TO DO: In the listing below, the lines starting at the line with "Παραμονή Χριστουγέννων σήμερα" and ending at the line with "Taza de cerámica" are to be output verbatim. Images stay out of the copy.

WORKING DATA:
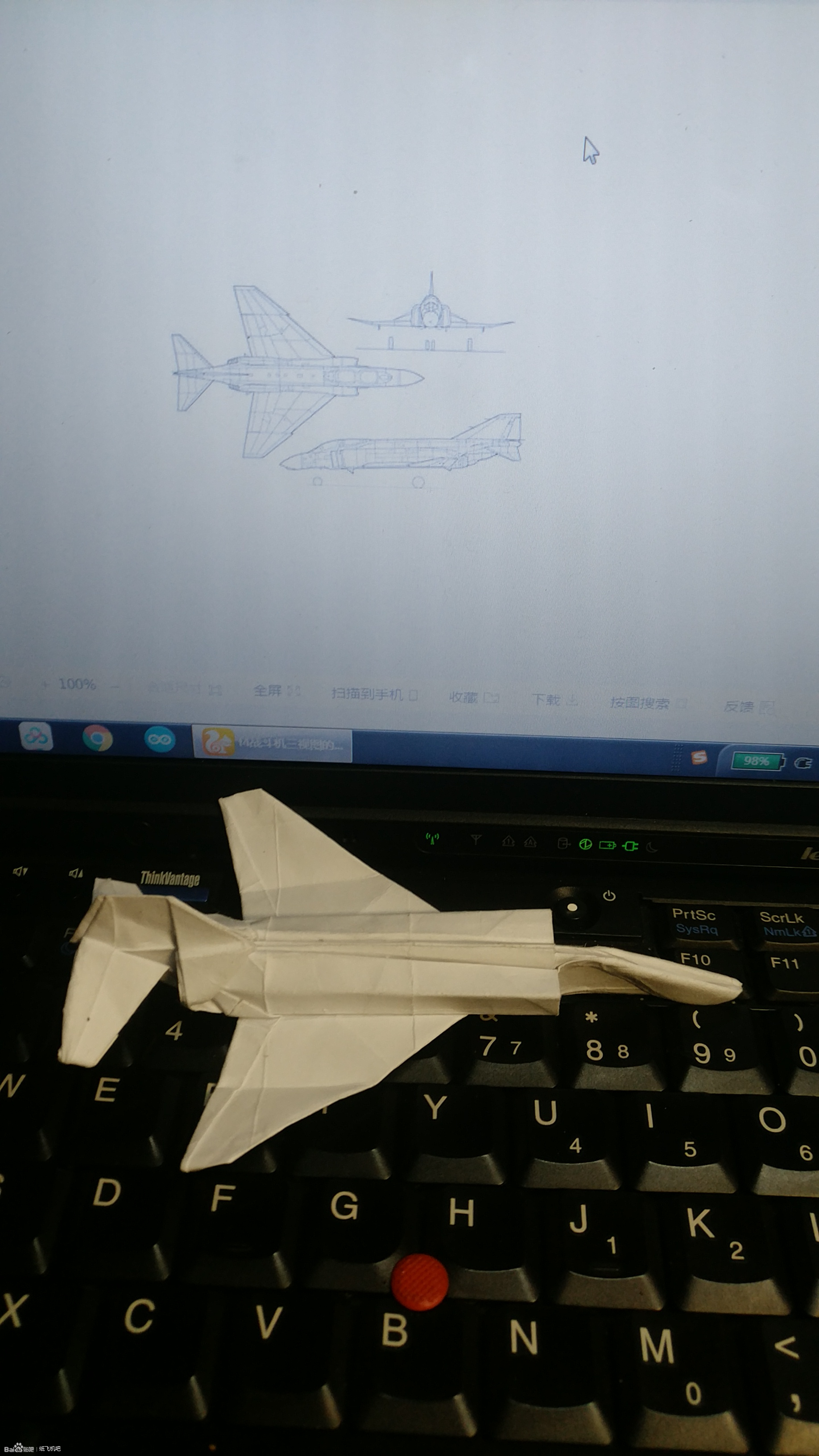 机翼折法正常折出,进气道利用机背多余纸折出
* * *
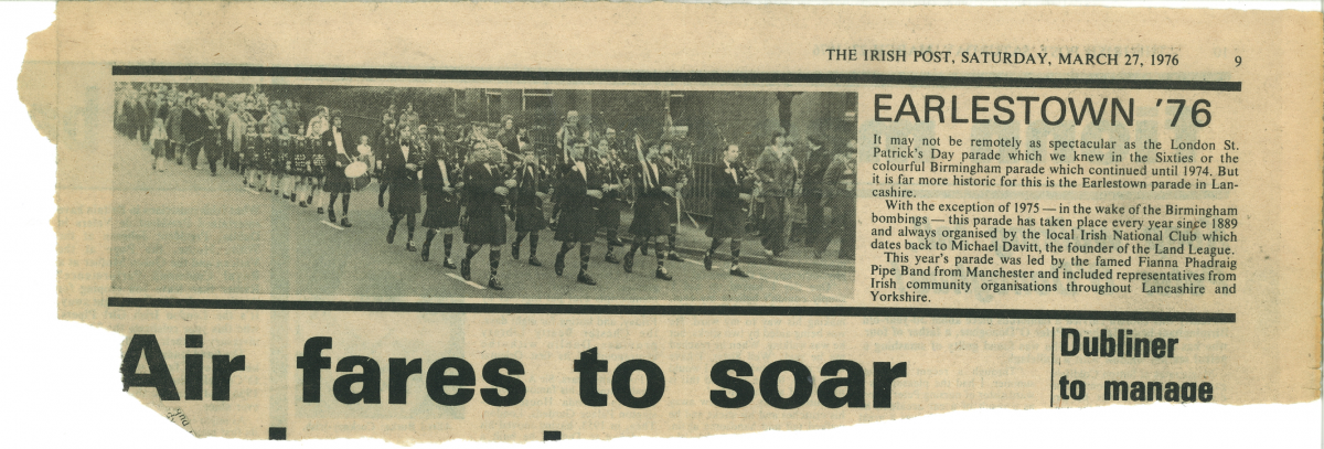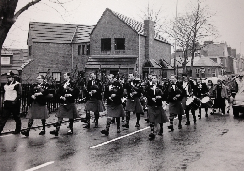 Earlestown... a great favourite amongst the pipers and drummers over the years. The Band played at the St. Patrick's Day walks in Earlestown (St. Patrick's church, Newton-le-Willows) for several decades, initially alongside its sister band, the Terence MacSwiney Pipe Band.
--
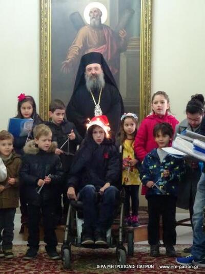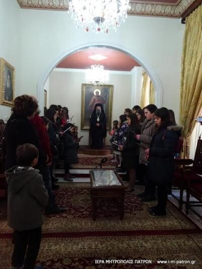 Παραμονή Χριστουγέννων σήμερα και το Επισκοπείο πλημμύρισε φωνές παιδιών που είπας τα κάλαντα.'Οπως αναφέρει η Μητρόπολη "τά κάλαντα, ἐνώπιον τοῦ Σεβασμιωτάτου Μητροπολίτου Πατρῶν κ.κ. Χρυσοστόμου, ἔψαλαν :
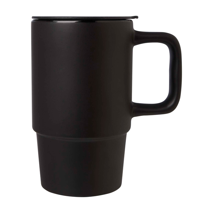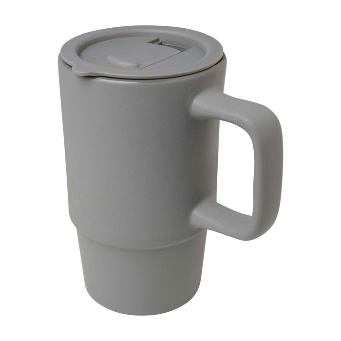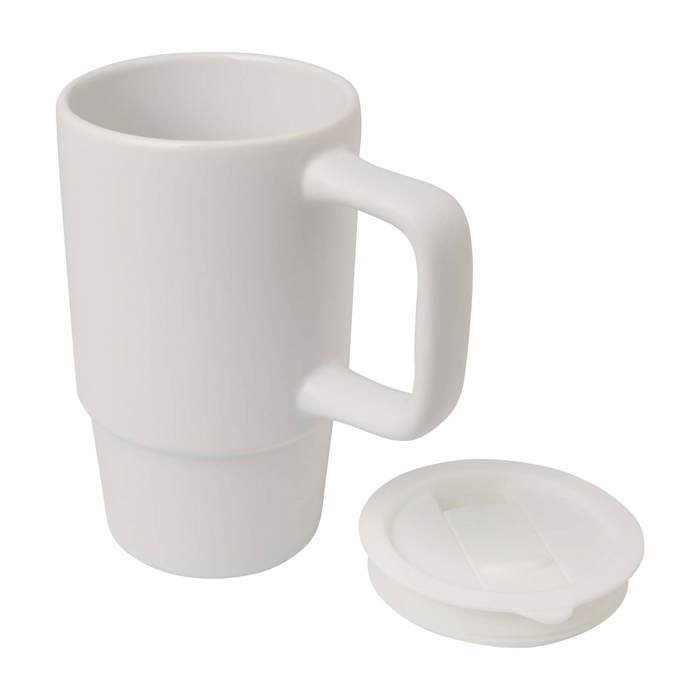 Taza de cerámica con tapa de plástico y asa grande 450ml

SOLUTION FOR THIS PROBLEM:
 Παραμονή Χριστουγέννων σήμερα και το Επισκοπείο πλημμύρισε φωνές παιδιών που είπας τα κάλαντα.'Οπως αναφέρει η Μητρόπολη "τά κάλαντα, ἐνώπιον τοῦ Σεβασμιωτάτου Μητροπολίτου Πατρῶν κ.κ. Χρυσοστόμου, ἔψαλαν :
 Taza de cerámica con tapa de plástico y asa grande 450ml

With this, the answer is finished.